Until recently, liberal democracy reigned triumphant. For all its shortcomings, most citizens seemed deeply committed to their form of government.

But now, norms and institutions are faltering and authoritarian populists are on the rise, as many people have become fed up with liberal democracy itself.

Ever since the 2016 Brexit vote in Britain to leave the European Union, European elites have been in a panic. They fear that the once seemingly-inevitable unification of the continent is coming undone. 

Ivan Krastev, a Bulgarian, in his 2017 book After Europe, gets to the heart of the matter.  The chair of the Centre for Liberal Strategies in Sofia and a fellow at the Institute for Human Sciences in Vienna, Krastev speaks of “the inability and unwillingness of liberal elites to discuss migration and contend with its consequences.”

No right-wing ideologue, Krastev warns that the risk of disintegration should force us to recognize that the refugee crisis has dramatically changed the nature of democratic politics.

What we are witnessing in Europe is not simply a populist riot against the establishment but a voters’ rebellion against the meritocratic elites. The bureaucrats in Brussels are out of touch with the societies they are supposed to serve.

“Fear of Islamic terrorism and a general anxiety over the unfamiliar are at the core of Europe’s moral panic,” he warns. 

This is even manifesting itself in Germany, where only a few years ago Chancellor Angela Merkel welcomed more than a million migrants. After last year’s German election, she is barely hanging on, leading a governing “grand coalition” with the Social Democrats. 

At the government’s official inauguration, Merkel entered her fourth term as chancellor with only nine more votes than the required minimum. Names for possible replacements are already being bandied about within her Christian Democratic Union (CDU). And remember, Germany is the lynchpin of the EU.

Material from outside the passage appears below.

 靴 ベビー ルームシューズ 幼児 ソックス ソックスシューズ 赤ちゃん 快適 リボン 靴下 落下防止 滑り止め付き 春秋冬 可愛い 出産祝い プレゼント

Founded in March 2017, the Werteunion, or Union of Values, recently met in Schwetzingen to adopt what its members called the “conservative manifesto.” Their mission: taking back the CDU from Merkel and redirecting it to its conservative roots.

Alexander Mitsch, one of the Werteunion’s founders, told the New York Times he felt that the state was failing, and that he needed to act.

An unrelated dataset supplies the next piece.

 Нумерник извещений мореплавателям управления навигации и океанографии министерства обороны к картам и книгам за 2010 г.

He feels that European culture needs to be defended and demands a full stop of immigration until the country can process the pile of open asylum cases. Such people see the issue as an existential threat to Germany’s national identity.

Aother group of conservative intellectuals have published a declaration of solidarity, expressing concern over “Germany being damaged by illegal mass immigration.” It now has more than 100,000 signatories.

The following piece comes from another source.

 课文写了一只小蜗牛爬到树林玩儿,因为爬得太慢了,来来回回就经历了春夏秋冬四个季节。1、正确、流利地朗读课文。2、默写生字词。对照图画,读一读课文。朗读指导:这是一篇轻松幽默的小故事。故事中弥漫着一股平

Alexander Dobrindt, who heads the parliamentary caucus of the Bavarian-based Christian Social Union (CSU), the Bavarian sister party of Merkel’s Christian Democrats, thinks such sentiments are underrepresented in public debate. It is time, he maintains, for a “conservative revolution.”

Taking advantage of this popular mood is the Alternative for Germany (AfD), the far-right party that entered parliament for the first time in the elections last September. They see Merkel’s grand coalition with the Social Democrats as an opening for them to continue to grow.

In recent months, the AfD has introduced legislation to make German the country’s “national language” and to alter the laws governing dual citizenship.

Now that these and other anti-immigrant views are being expressed by a parliamentary party, not individuals, members of government cannot criticize them as racist because, by law, ministers are required to be neutral in their treatment of political parties.

In any case, on the issue of immigration, however, the centrist parties have themselves shifted their tone.

The 2013 coalition agreement had talked about Germany as a “cosmopolitan country” that saw “immigration as an opportunity.” 

The picture presented in the most recent agreement is much darker: “We’re continuing our efforts to mitigate migration to Germany and Europe appropriate with regard to the ability of society to integrate, so that a situation like 2015 is not repeated,” it stated.

In mid-March, CSU chair Horst Seehofer, the new minister of the Interior, Development and Heimat, declared that “Islam does not belong to Germany.”

For the first time, a cap has been set for the number of asylum-seekers who can come to Germany: 180,000-200,000 a year.

In December 2017 in nearby Austria, a government that includes the Freedom Party of Austria (FPO), one that advocates anti-immigration policies, took power. Merkel has to be worried.